Je crois que la meilleure solution qui s'offre à vous pour réduire les risques liés à l'observation de la Loi est de mettre en place un programme crédible et efficace de conformité d'entreprise. Le site Web du Bureau regorge de ressources pour aider les entreprises à élaborer des programmes de ce genre, notamment un bulletin sur les Programmes de conformité d'entreprise, qui propose des programmes de conformité typesNote de bas de page 24.

Pour mieux aider encore les entreprises à réaliser cet objectif, nous avons récemment produit une vidéo sur la conformité d'entrepriseNote de bas de page 25. Je crois qu'elle illustre de façon innovatrice et facile à comprendre l'importance de respecter la Loi. Cette vidéo est disponible sur notre site Web et je vous invite à le dire à vos collègues qui n'ont pu assister au Congrès.

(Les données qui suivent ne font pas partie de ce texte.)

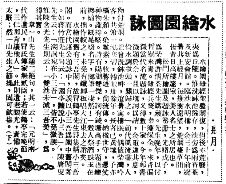 另有钱基博看重的孙星衍诗作,《翰墨丹青水绘园》未录,不过有迹可循。1944年5月,沪上《海报》连载《〈水绘园图〉咏》上下篇。作者署名“见月”。许来青寄来画面概述及手录众多名家题咏诗句,见月接受其邀,阅览诸作,写下一首《水调歌头》:前代风流尽,人物付荒烟。记曾洗钵池畔,逭暑寓楼眠。偶值柴湾吟客,共俯一泓寒碧,转眼卅余年。长者已黄壤,予亦槁朱颜。染缣素,收胜迹,尚流传。纳楹世守,凭仗神物护持坚。诗有阳湖双杰,词有钱塘高手,题语总缠绵。纸尾缀名字,掷笔一凄然。
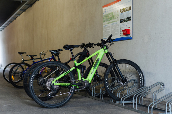 Gesicherte Fahrradgarage inklusive Ladestationen für E-Bikes zur Förderung der umweltfreundlichen Mobilität, insbesondere für Radreisende.
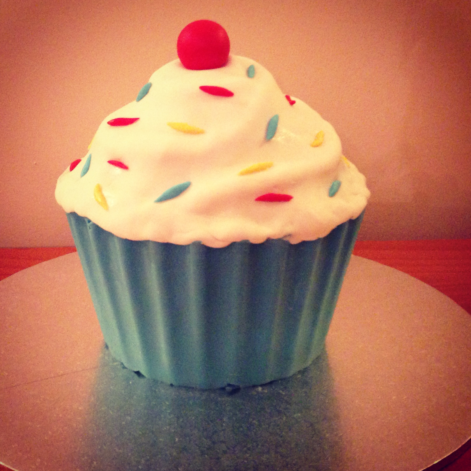 I love giant cupcakes. They’re so much fun to make, decorate and, more importantly, to eat. This recipe is for quite an intricate giant cupcake but it is easily adaptable – if you don’t want the bother of working with fondant you can just double the buttercream and ice the cake with that. The cupcake case is also optional (but I think makes the end product look so much more professional). Of course, you could also make the cake batter from scratch but do keep in mind that it is quite a time-consuming process already and the box mixes are relatively stable and so good for cutting and shaping.
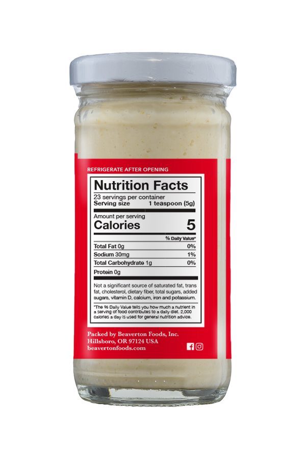 Think you can handle the horseradish heat? Beaver Extra Hot Horseradish is the perfect condiment for anyone who likes food spicy… and we mean really spicy. Our horseradish is made with 100% pure, fresh grated horseradish roots and classically pairs with any red meat. Mix with mayonnaise to minimize the heat.
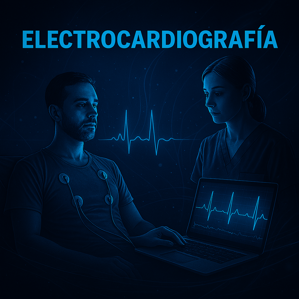 La electrocardiografía (ECG) es un procedimiento rápido, indoloro y esencial para evaluar la actividad eléctrica de su corazón. Mediante la colocación de pequeños electrodos en su piel, registramos los impulsos eléctricos que controlan los latidos de su corazón. Este estudio nos permite identificar una amplia gama de condiciones cardíacas, como arritmias, signos de infarto previo o actual, problemas de tamaño o función de las cámaras cardíacas, y la efectividad de ciertos medicamentos. El ECG es una primera línea de diagnóstico crucial que nos ayuda a obtener una visión instantánea de la salud de su corazón y a guiar los siguientes pasos en su atención.

J'ai mentionné plus tôt que le Bureau s'oriente vers une approche qui nous permettra d'utiliser tous les outils à notre disposition pour favoriser l'observation maximale des lois que nous appliquons. Cela dit, il va sans dire que dans les cas pertinents, des mesures d'exécution énergiques sont essentielles pour favoriser l'observation de la Loi. Après tout, l'exécution est à la base des activités du Bureau, mais d'autres outils, comme la revendication, la sensibilisation, la persuasion et les publications, sont aussi importants pour promouvoir la conformité. Quand nous disons vouloir utiliser tous les outils à notre disposition, c'est ce que je veux dire.

10. Conclusion

Je tiens à vous remercier de votre accueil au Congrès. Votre secteur fournit des services essentiels à des millions de Canadiens chaque jour et il participe au fonctionnement efficace de l'économie canadienne. Il est impératif que vous respectiez la Loi, puisque votre conformité favorisera l'efficience et l'adaptabilité de l'économie canadienne et fera en sorte que les consommateurs se voient proposer des prix compétitifs et un éventail de produits.

Parallèlement à l'évolution rapide du secteur des paiements, j'espère maintenir le dialogue entre le Bureau et votre secteur tandis que nous nous employons à réaliser nos objectifs mutuels d'accroître la concurrence et d'offrir plus de choix aux consommateurs.